Aha, they have had to refer to one of the "secret" ones!
There are various dates because the patents are added to over time, and so update previous versions, or claim the benefit of previous applications (as per 60/338,771 which was filed Dec. 3 2001). The two we see today are important (apart from any other reason) because, as W2P says, they are the first two visible on the US Patent & Trademark Office database.
OK, it was listed on the website but (presumably because it was provisional) it did not appear in any form anywhere else. This is of course presumably not one of the "other" patents that has been filed but the details of which are being kept secret at this time...
OT: W2P, perhaps just off the banana boat?
ifida, comprehensive is the word that comes to mind. I see that W2P has recognized the significance of this one - it is indeed the haploscope, and it was not listed anywhere previously.
4titudinous has posted details of two new patent applications on RB:
http://ragingbull.lycos.com/mboard/boards.cgi?board=DNAP&read=271840
In the first one (Methods for the identification of genetic features for complex genetics classifiers) a "systematic feature extraction process" is described (a haplotype hunter).
This patent application also contains the following phrase:
"Visually useful features such as nose shape, hair color and height are obvious to the lay person..."
This does not mean that they have a classifier for nose shape, but interesting that it is mentioned with hair color and height (rather than say eye color).
The second patent (Efficient methods and apparatus for high-throughput processing of gene sequence data) happens to mention topoisomerase 2a and 2b in one of the examples. They usually only mention things that they have worked on in examples. This particular one could relate to a number of things e.g. anti-tumor drugs.
OT GE it was a number of questions about SOPs, which have been answered subsequently courtesy of the Charlottesville Fire Department (who have their SOPs online):
http://www.cfdonline.org/sop.htm
mahastock, that is correct.
mahastock, no it has not been addressed to my knowledge. Options for addressing it would seem to include some sort of renegotiation to achieve a workable solution for both parties, or for DNAP to try to buy them out. There was a view that if Orchid were going to go bankrupt then the problem would disappear. This was always unlikely and is now definitely not going to happen so the problem remains. Orchid are not exactly getting anything for the premium they have paid so it must be in their interests to address this as well.
GE, we do not perform tests for Orchid. They have their own products (GeneScreen and Lifecodes) which they use for identification, paternity and forensic testing. Orchid paid DNAP for an option on certain of their products, which so far has not been exercised by Orchid (but has conversely has prevented prevented other deals being finalized with DNAP due to concerns by third parties about possible litigation by Orchid). A complicated situation and a lose-lose if ever I saw one. This option is one thing that still has to be addressed in some manner by the company.
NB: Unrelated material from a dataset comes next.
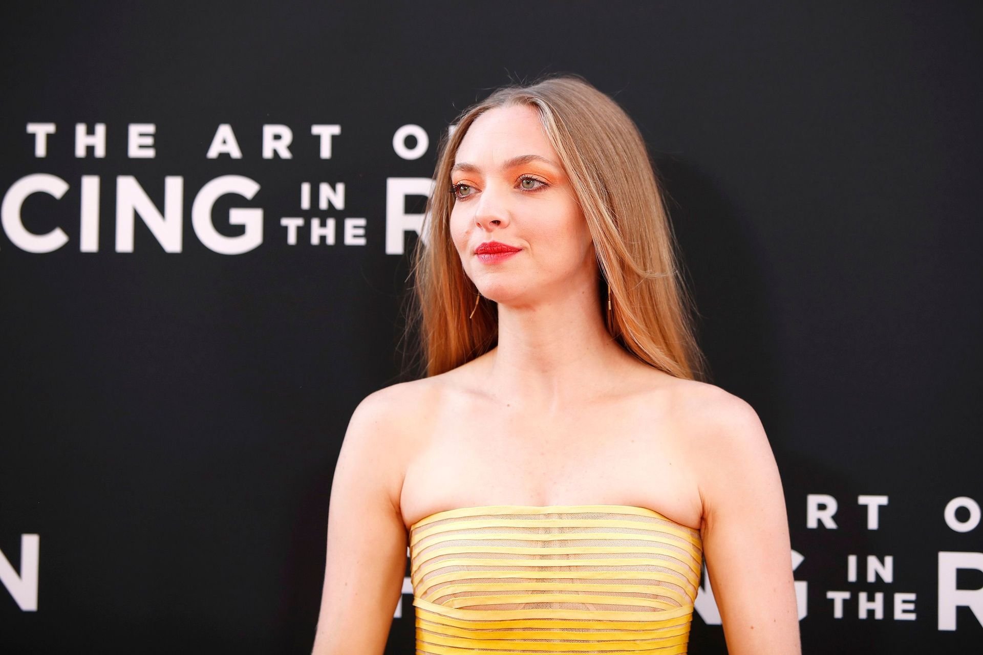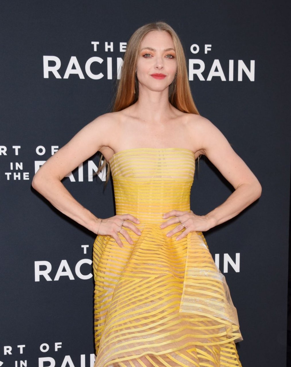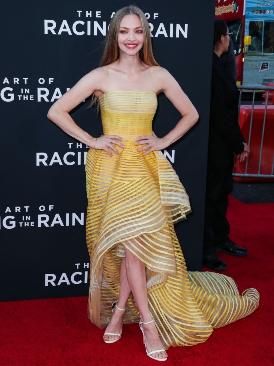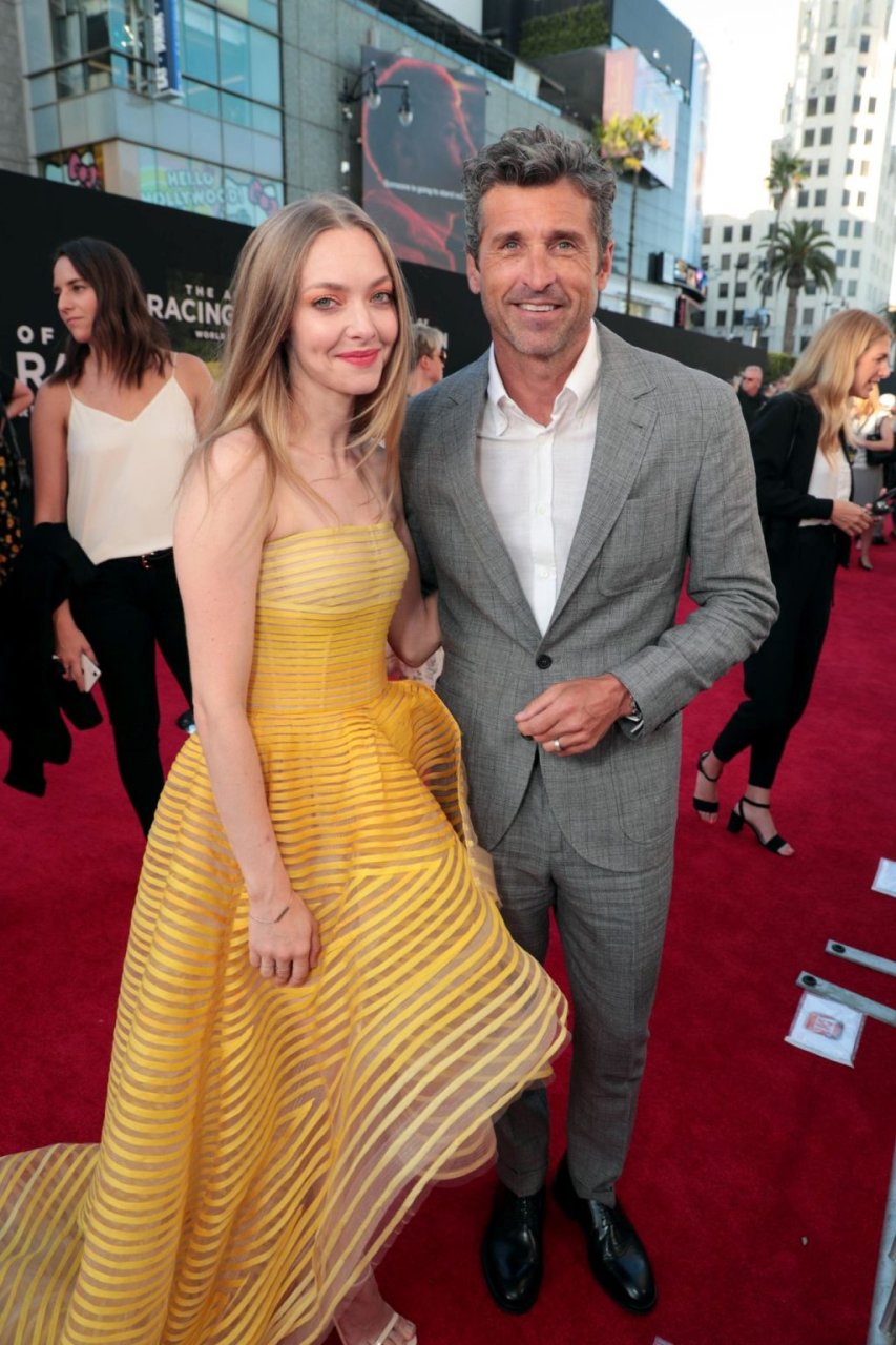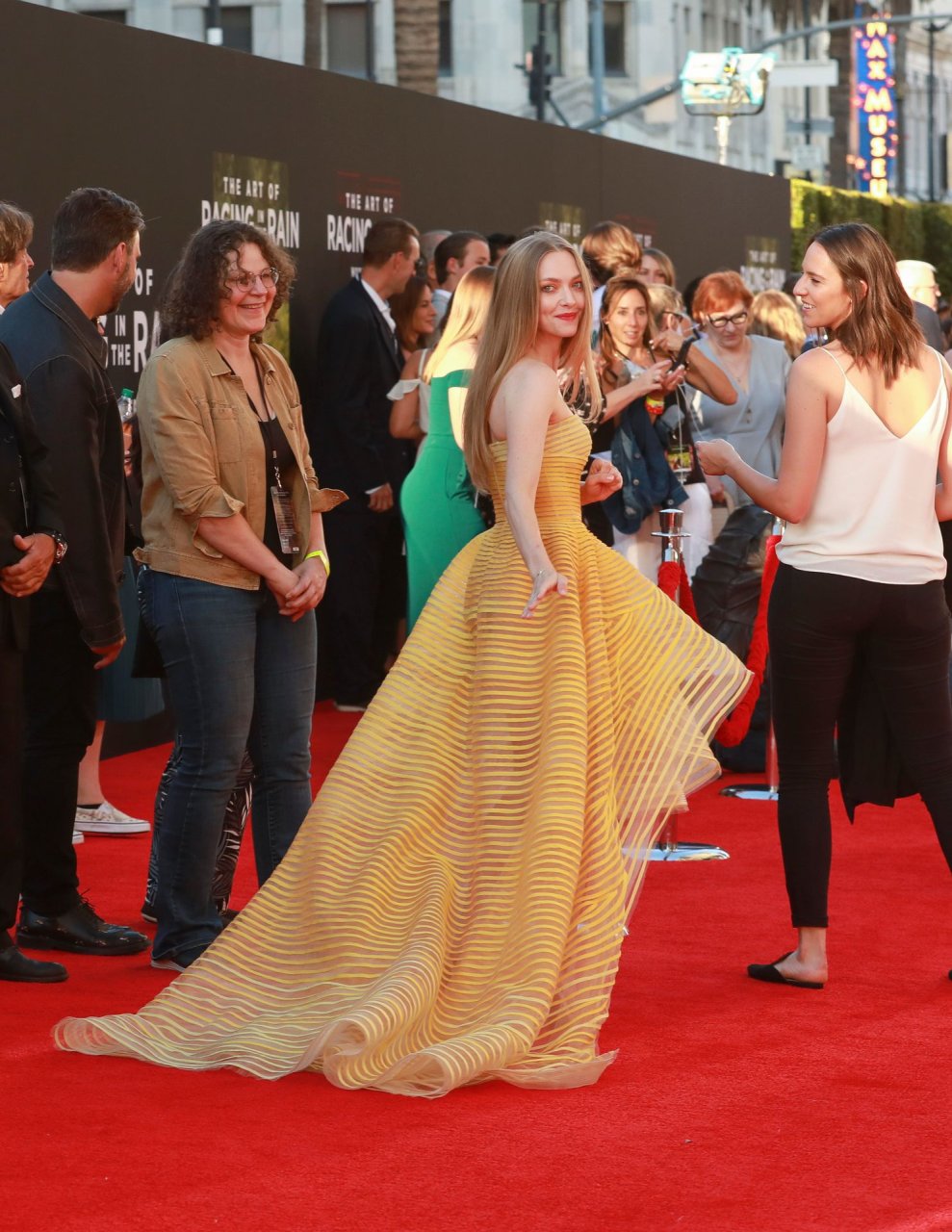 Actrice Amanda Seyfried portant une robe Oscar de la Renta, des talons Stuart Weitzman et des boucles d’oreilles Jennifer Meyer arrive à la première à Los Angeles du film de 20th Century Fox ‘The Art Of Racing In The Rain’ tenue au El Capitan Theatre à Hollywood, Los Angeles, le 01/08/2019.

GE, the SNP work is officially being done by Orchid e.g.
http://www.biomedcentral.com/news/20030909/04/
"So the team turned to other methods, such as mitochondrial DNA analysis, which is being performed by Celera Genomics, and single nucleotide polymorphism (SNP) analysis, which is being performed by Orchid Biosciences' GeneScreen."
However, this is utilizing SNP testing where traditional STR testing is not sufficient. At some stage, after concerted efforts with the various conventional testing approaches, there will still be a large number of unidentified DNA samples. I wonder whether DNAWitness might not be used for these to try to identify individuals based on ancestry and the other traits that are perhaps now available.